=== TASK TO CARRY OUT ===
In the listing below, find the line that contains "For late summer" and the line that contains "上圖為高空墜落逃生演練現場". Quote both and every line between them, exactly, and nothing more.
━━━━━ SOURCE DATA ━━━━━
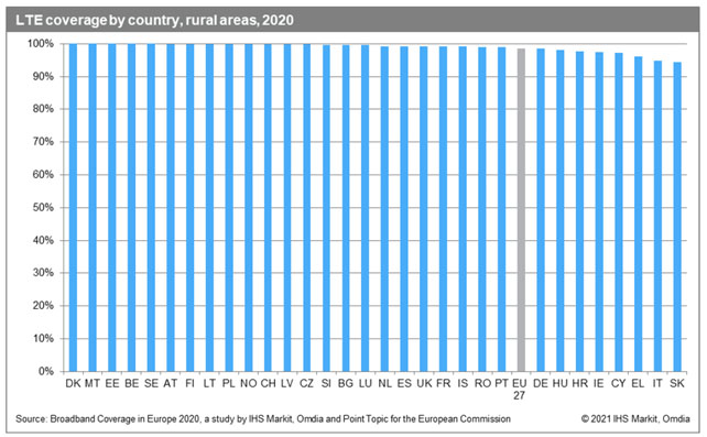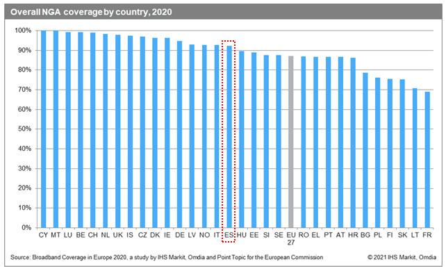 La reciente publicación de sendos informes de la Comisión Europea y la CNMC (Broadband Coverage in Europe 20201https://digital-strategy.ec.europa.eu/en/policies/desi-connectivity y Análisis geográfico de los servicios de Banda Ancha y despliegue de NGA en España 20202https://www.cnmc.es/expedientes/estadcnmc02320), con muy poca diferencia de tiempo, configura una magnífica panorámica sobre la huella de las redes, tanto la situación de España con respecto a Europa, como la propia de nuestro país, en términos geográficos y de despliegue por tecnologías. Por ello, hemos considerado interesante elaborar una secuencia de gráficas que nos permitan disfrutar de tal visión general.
━━━━━
━━━━━ SOURCE DATA ━━━━━
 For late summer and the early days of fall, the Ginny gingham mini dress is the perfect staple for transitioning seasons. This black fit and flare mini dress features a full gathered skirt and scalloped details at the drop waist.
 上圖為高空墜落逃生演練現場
━━━━━
=== TASK SOLUTION ===
 For late summer and the early days of fall, the Ginny gingham mini dress is the perfect staple for transitioning seasons. This black fit and flare mini dress features a full gathered skirt and scalloped details at the drop waist.
 上圖為高空墜落逃生演練現場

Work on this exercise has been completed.